羊
羊肉
羊肉串
西夏
西夏王
西夏王酒
(中间代诗全集,下卷 1301)
The poem rendered literally:
Lamb
Lamb meat
Lamb kebab
Western Xia
Western Xia King
Western Xia King Wine
The poem, I suggest, lingers at the level of poetic method, not entirely deciding if its wants to be an image- or a word-based work of art. As word-based, it is still a form of graphic meditation on the materiality of “line” (as part of Chinese characters) and material world to which it refers. In this case, the geography suggested in the title bolsters the territoriality of the Chinese characters themselves, bordered, discrete spaces (“west”; “meat”; skewer”) just as they formally echo each other to the point of oblivion just as cultures in northwestern China contend and ultimately absorb one anther.
Following Qi Guo’s expression further into the visual, we can observe his performance of the single word “yuan” 缘 (something like “fate” but not quite):
In Qi’s work I find another argument for long-standing modernist advocacy of “the Chinese character as a medium for poetry” (Fenollosa/Pound).
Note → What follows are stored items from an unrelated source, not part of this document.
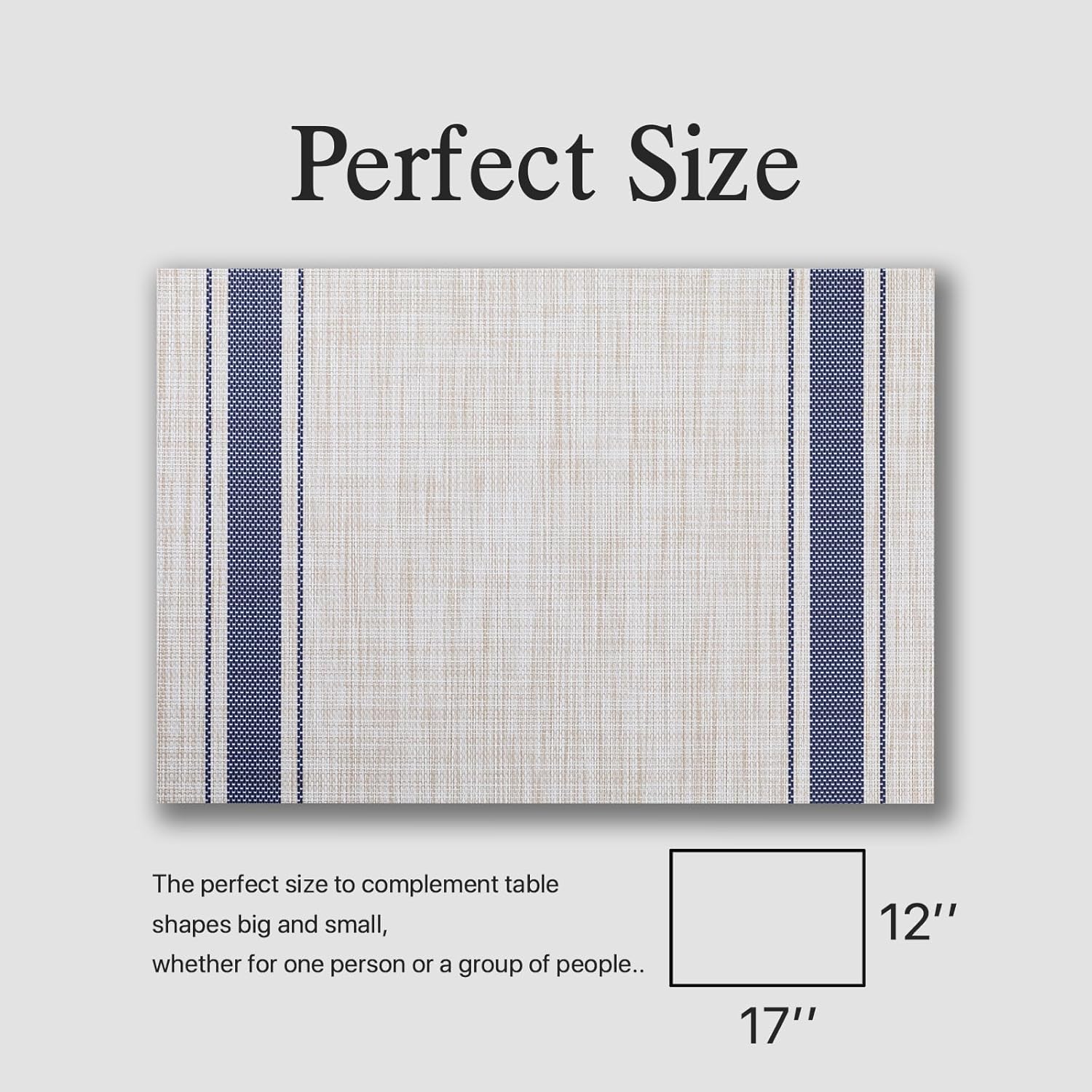 Placemat Set of 4 - Easy Clean Woven Vinyl Placemats for Dining Table, Indoor/Outdoor Place Mats, Washable PVC Table Mats(Blue Skyline)
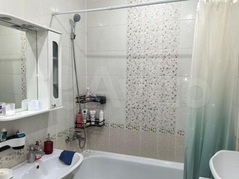 Санузел совмещенный, оформлен современной плиткой. Из окон открывается вид на двор, где есть детская и спортивная площадки, а также открытая парковка.
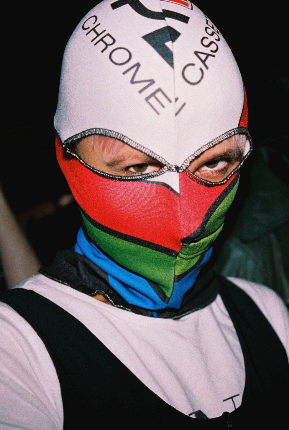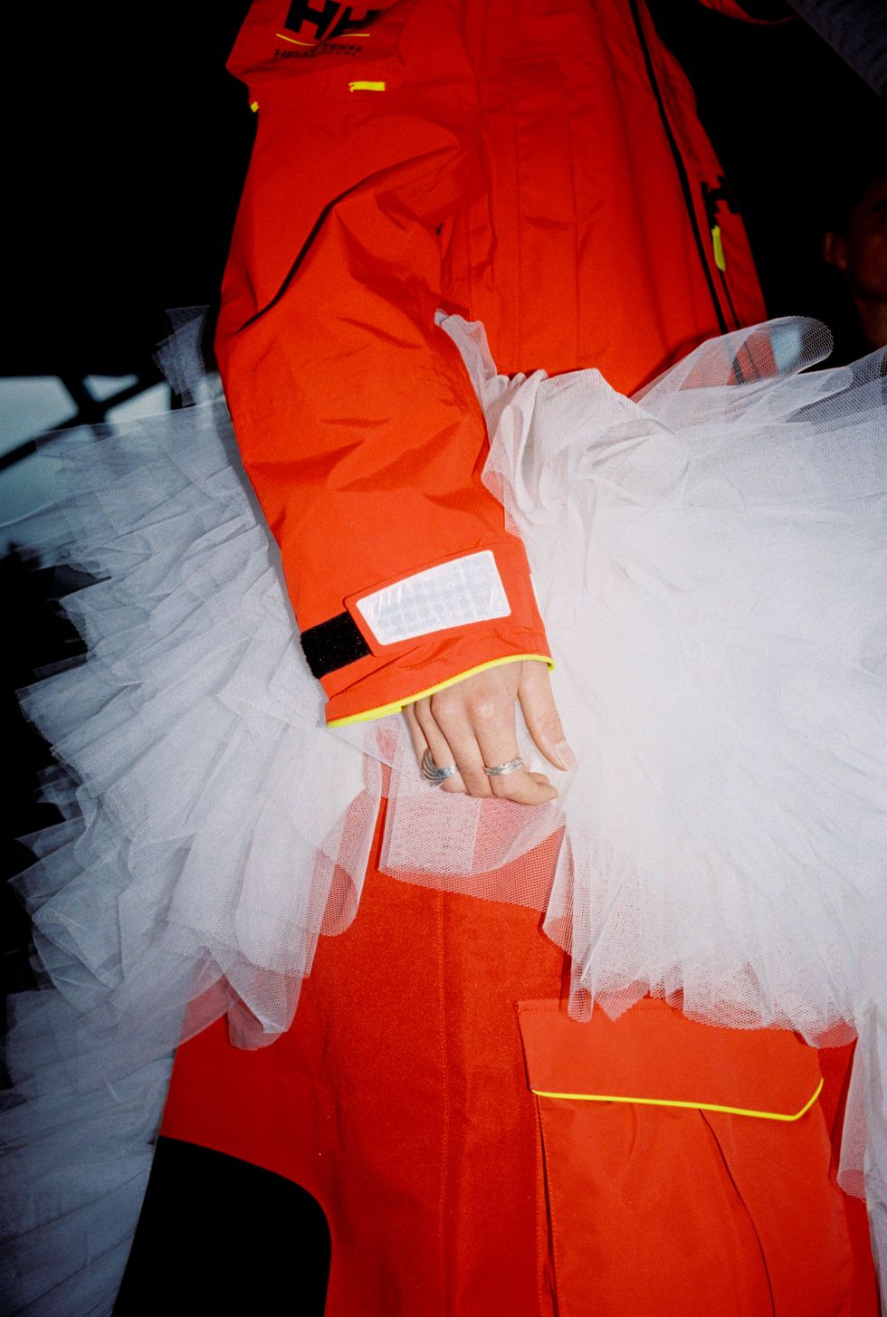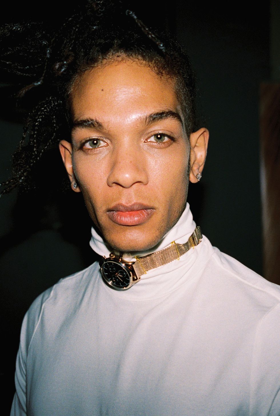 The resulting collection was an exciting grab bag of strange, multicolored silhouettes. "I think of it as a celebration of diversity," Lantink says, "and that's what makes it a collection," rather than a more traditional focused theme. An argyle sleeve sewn onto a turtleneck with a gold timepiece at the neck, worn with cream furry pants; layered men's boxers combined with intentionally sagging, oversized trousers; a puffer coat manipulated into a tight, poncho-style top; a sneaker bottom attached to a platform wedge attached to a gold strappy stiletto pump; workwear jumpsuits softened with dramatic layers of tulle. "We make everything in house and do a zero waste policy," Lantink says of the looks.

Of course, with the above image we have slipped into the strictly visual. But looking at another work by an artist-poet of the same Contingent group, we have “Black Eyes” by Li Zhan’gang:
Li Zhan’gang 李占剛 is echoing the Chinese literary tradition in calligraphically performing a well-known poetic text (一代人 by 顧城)
黑夜給了我黑色的眼睛
我確用它尋找光明
The poem: 一代人 (“This Generation”)would be rendered:
The dark night has given me dark eyes
And I use them to look for light
What is striking about this to me is the way in which the tradition of re-inscribing a well-known poem can now be introduced into the realm of contemporary poetry. Gu Cheng’s work, from 1980s, was cutting edge at the time, and served to catalyze, along with similarly styled works by Bei Dao, Mang Ke, Yan Li and others, the introduction of new aesthetics for an entire generation of artists and writers. It is now possible to “return” to that work, to borrow from yet another medium, and “harmonize” 2009 sentiment (when Li inscribed it) with the 1980 “original.” This in effect gives legs to a now considerably more mobile visual-verbal tradition, one which evolves anew into the future precisely for its solid anchor in the past.